This information lives in the stats object returned in the participant data.
Runes are labelled perk0
to perk6
, and are IDs for the runes used during the game. statPerk0
to statPerk2
, aren’t documented by Riot, but due to existing game knowledge, I know that these are part of the rune page, giving small bonus stats for the game.
"stats": {
// K/D/A ratio may allow for some pattern recognition
"kills": 2,
"deaths": 2,
"assists": 2,
// Items bought may have patterns
"item0": 3052,
"item1": 3074,
"item2": 0,
"item3": 0,
"item4": 0,
"item5": 0,
"item6": 3340,
// Which rune types were used, this isn't that interesting
"perkPrimaryStyle": 8100,
"perkSubStyle": 8000,
// Runes used
"perk0": 8112,
"perk1": 8139,
"perk2": 8138,
"perk3": 8135,
"perk4": 9111,
"perk5": 8014,
"statPerk0": 5005,
"statPerk1": 5008,
"statPerk2": 5002,
// There may be some threshold in the number of minions killed that we can look for patterns with
"totalMinionsKilled": 26,
// Stats related to wards, I wonder if any of the bots will have placed wards?
"visionWardsBoughtInGame": 0,
"sightWardsBoughtInGame": 0,
"visionScore": 0,
"wardsKilled": 0,
"wardsPlaced": 0
},
It’s back to Data Dragon we go, this time looking at the item list. There doesn’t seem to be a public page to view rune data, so I’ll instead download the entire data library, since I prefer to use a local copy of the data over requesting it from the web on application start.
So that’s all my ducks in a row. In order to see if we’ve found a bot:
An outlier in any of this criteria should not determine whether we stop an investigation, but rather should individually increase or decrease our confidence that we’ve found a black market account.
I’m choosing to tackle data loading first, purely out of personal preference. I believe that focusing on data first gives you a strong foundation to build your application on, as you have a deeper understanding of the shape of your expected input and output and provides an opportunity to spot problems as early as possible.
So here’s a small JSON utility to help me load the static data from disk
using System.IO;
using Newtonsoft.Json;
namespace Casshan
{
internal static class JsonUtil
{
public static T LoadJsonFromFile<T>(string path) where T : class
{
if (!File.Exists(path))
{
throw new FileNotFoundException($"File at path {path} was not found");
}
var fileText = File.ReadAllText(path);
return JsonConvert.DeserializeObject<T>(fileText);
}
}
}
Next we need something to actually load. This is how the rune data is laid out for us:
Here’s an example, using the first rune type from the data file:
{
"id": 8100,
"key": "Domination",
"icon": "perk-images/Styles/7200_Domination.png",
"name": "Domination",
"slots": [
{
"runes": [
{
"id": 8112,
"key": "Electrocute",
"icon": "perk-images/Styles/Domination/Electrocute/Electrocute.png",
"name": "Electrocute",
"shortDesc": "<snip>",
"longDesc": "<snip>"
},
...etc
]
},
{
"runes": [
...etc
]
},
{
"runes": [
...etc
]
},
{
"runes": [
...etc
]
}
]
},
This is a lot of data that we don’t actually want, all we really want is a mapping of rune IDs to rune names. We have a couple of options, NewtonsoftJSON allows us to write bindings to navigate the tree and only serialize the parts that we care about. This also allows us to easily load more data should we decide that we want it in the future.

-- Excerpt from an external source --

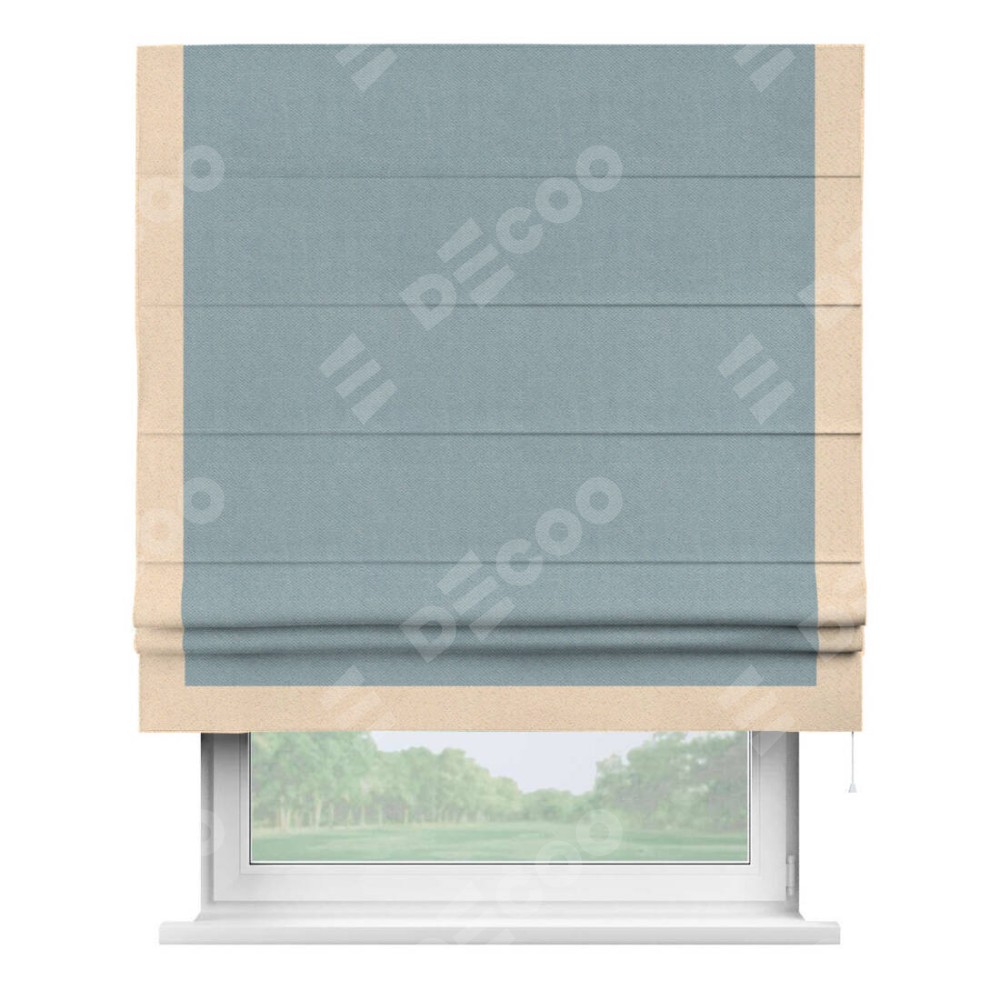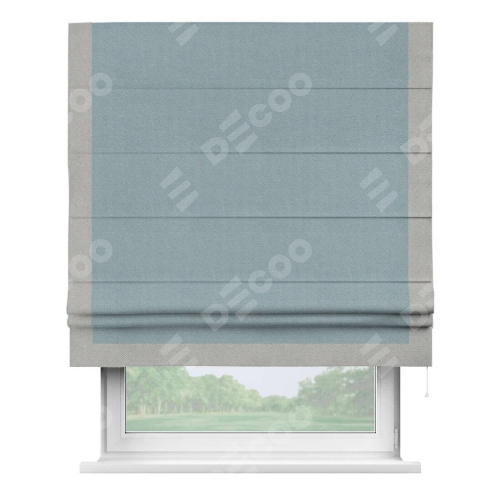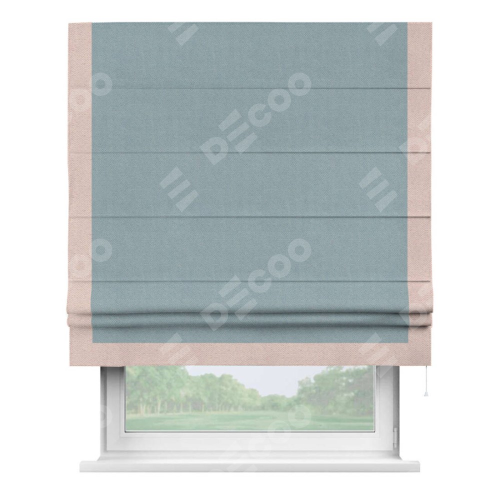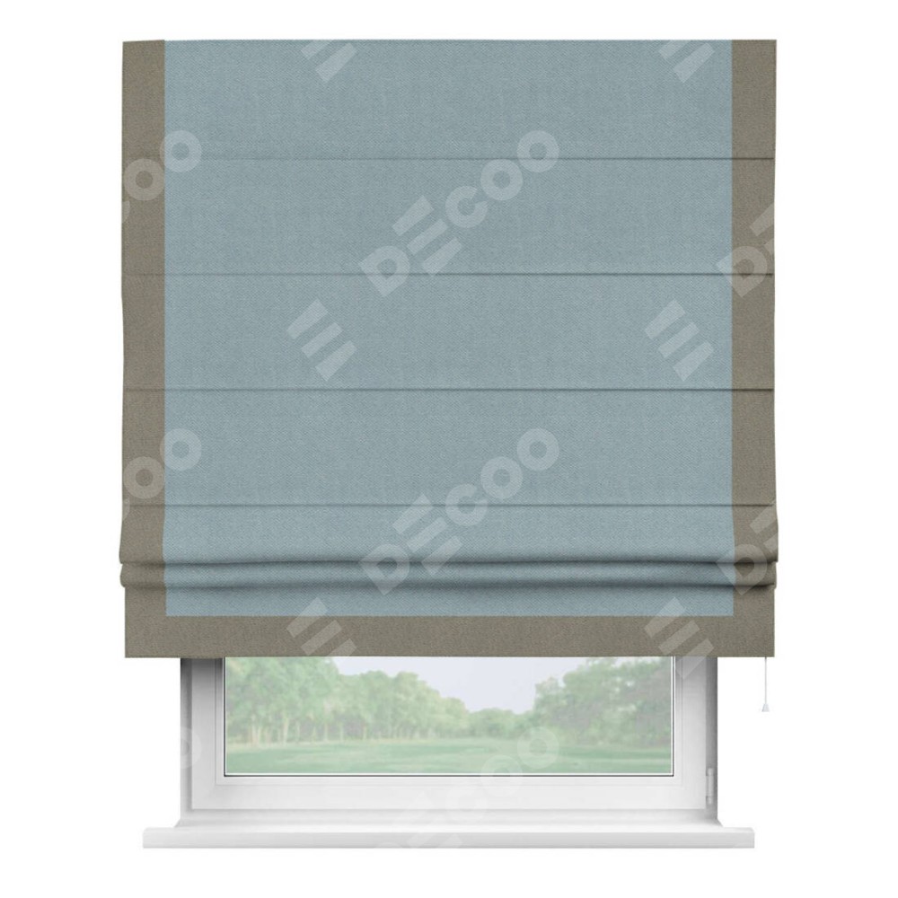 Римская штора «Кортин» с кантом Виктория, для проема, ткань блэкаут с блеском синий

A JSON binding for a single rune looks like this:
using Newtonsoft.Json;
namespace Casshan.Bindings.Static
{
internal sealed class RuneJsonBinding
{
[JsonProperty(Required = Required.Always)]
public int Id { get; set; }
[JsonProperty(Required = Required.Always)]
public string Name { get; set; }
}
}
We don’t have to do anything extra to tell Newtonsoft JSON to ignore the rest of the document, it will automatically filter out anything we haven’t explicitly included.
Required = Required.Always
will cause Newtonsoft JSON to throw an exception if a part of the JSON document that we care about is missing. This will ensure that the payload we’re parsing is complete, and help to catch any bugs with data retrieval and manipulation that we haven’t already considered.
Now that we have JSON bindings in place, it’s time to load the data from disk and store it in a data structure. I’ll be using a dictionary which contains the rune ID as a key and the rune name as a value.
using System;
using System.Collections.Generic;
using System.Linq;
using Casshan.Bindings.Static;
namespace Casshan
{
internal class Program
{
private static IReadOnlyDictionary<int, string> m_Runes;
private static void Main(string[] args)
{
m_Runes = new Dictionary<int, string>();
var runeCategories = JsonUtil.LoadJsonFromFile<RuneCategoryJsonBinding[]>
($@"{Environment.CurrentDirectory}\data\runesReforged.json");
// Take all of the runes in all of the slots, and transform them to a dictionary
m_Runes = runeCategories.SelectMany(s => s.Slots)
.SelectMany(s => s.Runes)
.ToDictionary(r => r.Id, r => r.Name);
Console.WriteLine($"Loaded {m_Runes.Count} runes.");
// Output the first rune's ID and name to test that it worked
var firstRune = m_Runes.First();
Console.WriteLine($"{firstRune.Key}, {firstRune.Value}");
}
}
}
Running the program yields the output
Loaded 63 runes.
8112, Electrocute
So we have rune data loaded, and now we can repeat the process for items and summoner spells.
Loaded 63 runes.
8112, Electrocute
Loaded 243 items.
1001, Boots of Speed
Loaded 14 summoner spells.
21, Barrier
This data will be useful for generating a report explaining the decisions taken when flagging an account as suspicious.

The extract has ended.